Do you remember taking standardized tests? The one I remember best was the SAT’s, in high school. They struck fear into our hearts: would my friends and I do well enough to get into the colleges of our dreams?
This uncertainty made us worry (a lot) about our raw scores; but we obsessed just as much — or more — about how well (or poorly) we did compared to everyone else. Where did we rank alongside the competition? How would the ranking affect our chance at those coveted college spots? We were fixated on percentile results.
Here’s why. A percentile (as opposed to a score) tells you how you did compared with everyone else.
For example, if you were in the 90th percentile on the math sections of the SAT, you’d scored higher than 90% of the students who took the test with you. 47th percentile meant better than 47% of those students, and so on.

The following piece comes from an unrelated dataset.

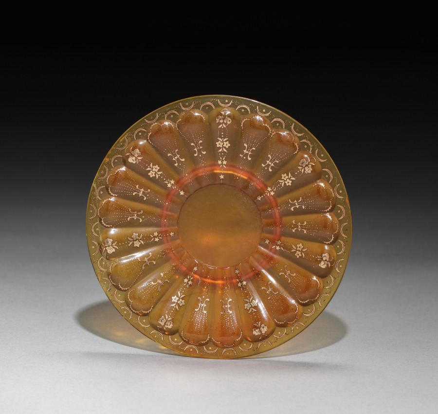 amber decorated with inlaid gold and mother-of-pearl

Percentile results often made the difference between our first and second — or dead, desperate last — college choices.
Note further that a percentile score is not like a grade out of 100. If you’re in the 90th percentile, this doesn’t mean you got 90% of the questions right. It just means that compared with everyone else who took the test on that day, you scored higher than 90% of them.
Fast forward to survey results and comparisons that we encounter today, such as the Consumer Assessment of Healthcare Providers and Systems (CAHPS). These results may be displayed with the additional context of comparison percentile results; the big challenge is how to get all of this information into a visual display easily understood by the viewer.
Here’s an approach worth considering.
The second of the two graphics below displays how a specific group scored on several different survey questions (e.g., “Did you receive instructions about your medications?”). The display includes comparisons to all survey results.
The following diagram explains each part of the graph below it.
Now we can see (for example) that on Question 2, the group scored 90 (blue point), which was higher than the results from the 25th to the 75th percentile (gray bar), and than the 50th percentile (black line); and just slightly lower than the 90th percentile (orange line) results for all other groups combined.
The Price of Blood Tests
Interestingly, not long after I started writing this post, the following display of the price range for of one of the most common blood tests in medicine (metabolic blood panel) in different U.S. cities was published in the New York Times.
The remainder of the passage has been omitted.